## WORK ORDER
Return nothing but the lines from the line with "Where JESUS THE" through the last line of the entries that follow, copied exactly and free of pictures.

(Collection entries)
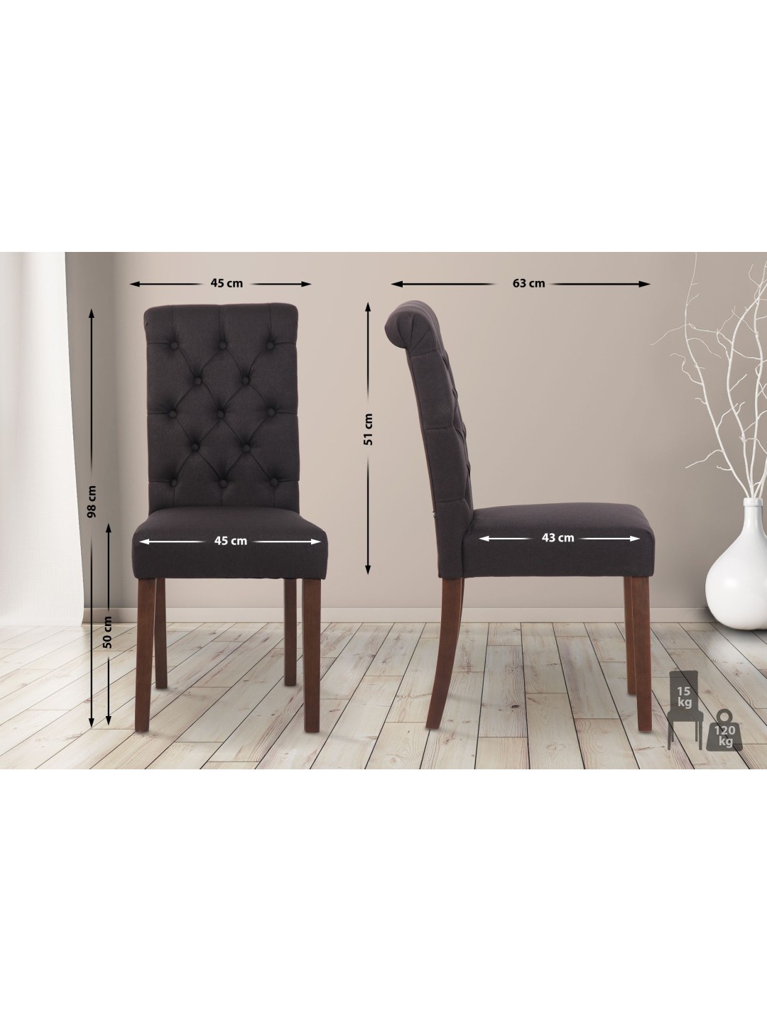 Las sillas de comedor Lisburn son asientos cómodos, sólidos y al mismo tiempo elegantes para el uso diario y el complemento perfecto para habitaciones con muebles clásicos. El respaldo alto y el agradable y cómodo acolchado le permitirán sentarse cómodamente incluso durante más tiempo. Estos sillones se mantienen estables y estables sobre una estructura de cuatro patas de madera de caucho. Equipado con protectores de suelo debajo de los pies, se evitan arañazos y daños en el suelo. Además, las sillas de comedor se pueden limpiar rápida y fácilmente en cualquier momento gracias a los materiales de fácil cuidado.
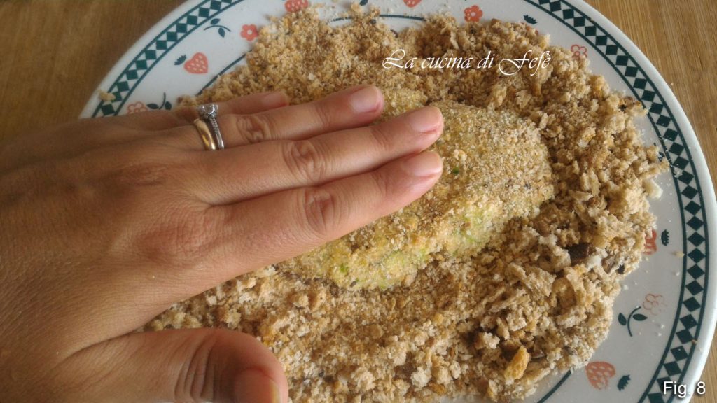 • Luego pasadlas por el pan rallado, previamente aromatizado con la cúrcuma y la cucharadita restante de mostaza (fig. 8).
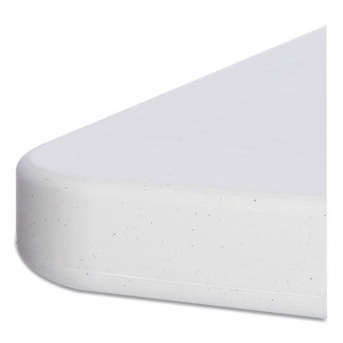 Lightweight and durable folding table for indoor and outdoor use. Legs fold into underside cavity for safe storage and easy transport. Made with blow-molded high-density polyethylene top is dent-, scratch- and water-resistant. Banquet Tables—Holds up to 600 lbs. evenly distributed. Square edge. Top Color: Platinum; Color Family: Gray; Base Color: Charcoal; Top Shape: Rectangular.
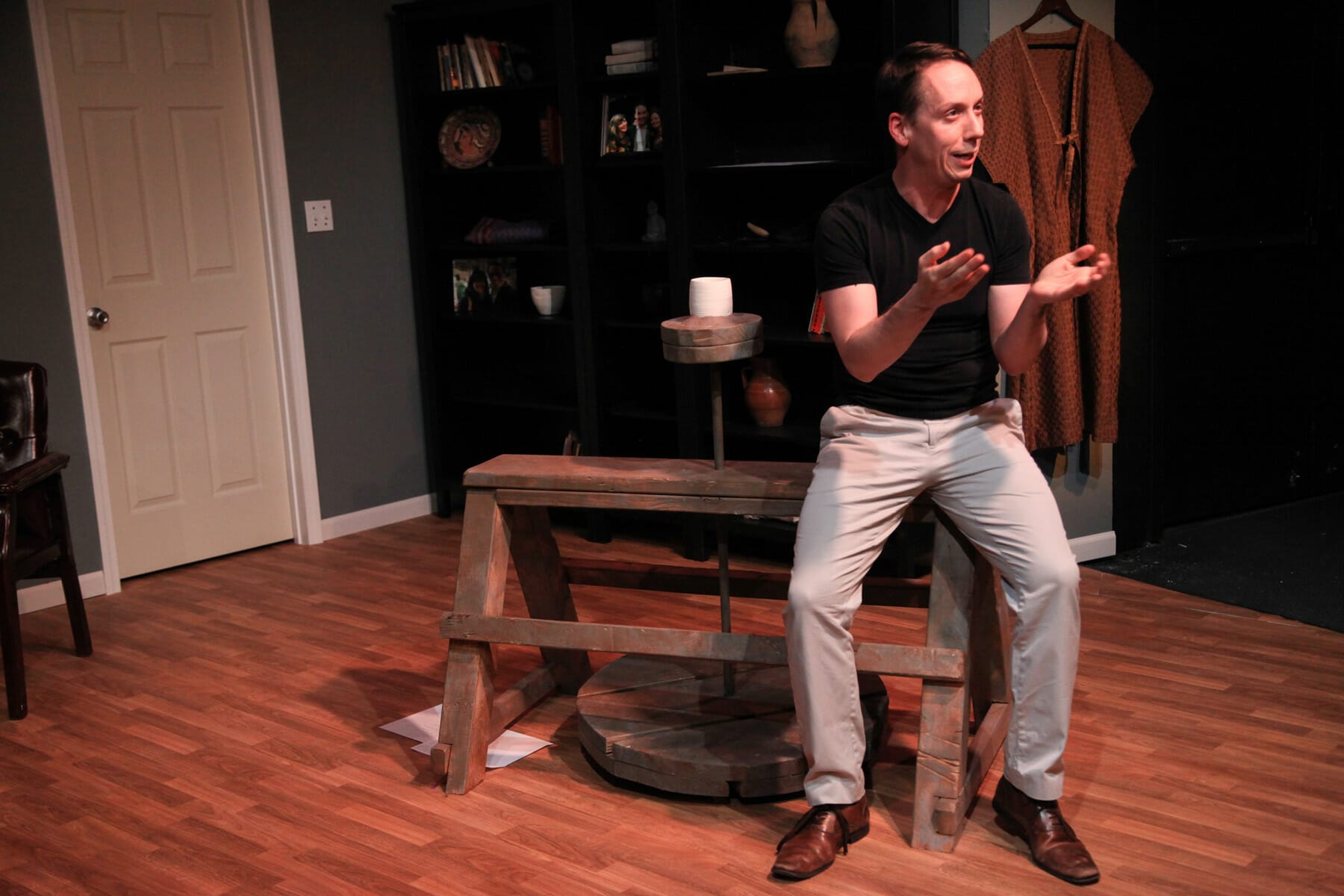 Where JESUS THE JEW falls flat is the barely there parallels between Jeremy’s life and James’. It’s more like a history lesson because the focus is on unknown facts about Jesus’ life. The set designed by Milo Bue intends to blur past and present. Artifacts around Jeremy’s office also serve as props when James needs them to demonstrate a Jewish tradition. This brings the two stories closer together.
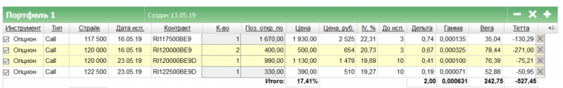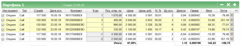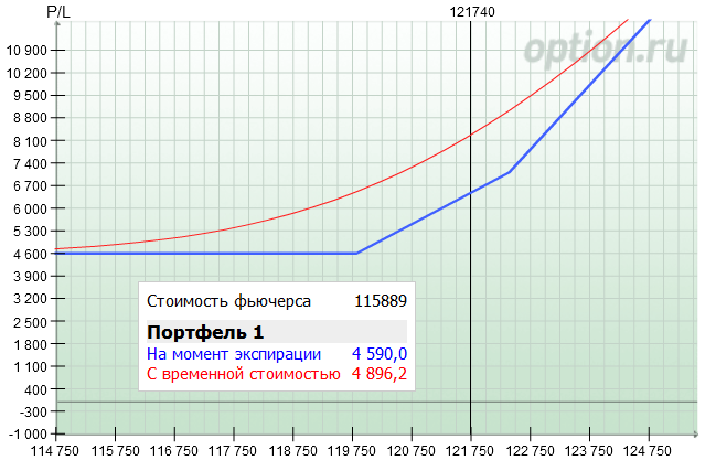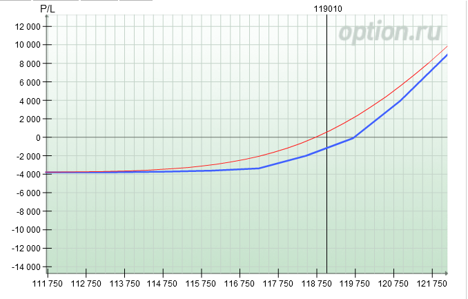 Распределяем на 2 даты экспирации. Риск около 5000 рублей.

## RESULT OF THIS EXERCISE
 Where JESUS THE JEW falls flat is the barely there parallels between Jeremy’s life and James’. It’s more like a history lesson because the focus is on unknown facts about Jesus’ life. The set designed by Milo Bue intends to blur past and present. Artifacts around Jeremy’s office also serve as props when James needs them to demonstrate a Jewish tradition. This brings the two stories closer together.
 Распределяем на 2 даты экспирации. Риск около 5000 рублей.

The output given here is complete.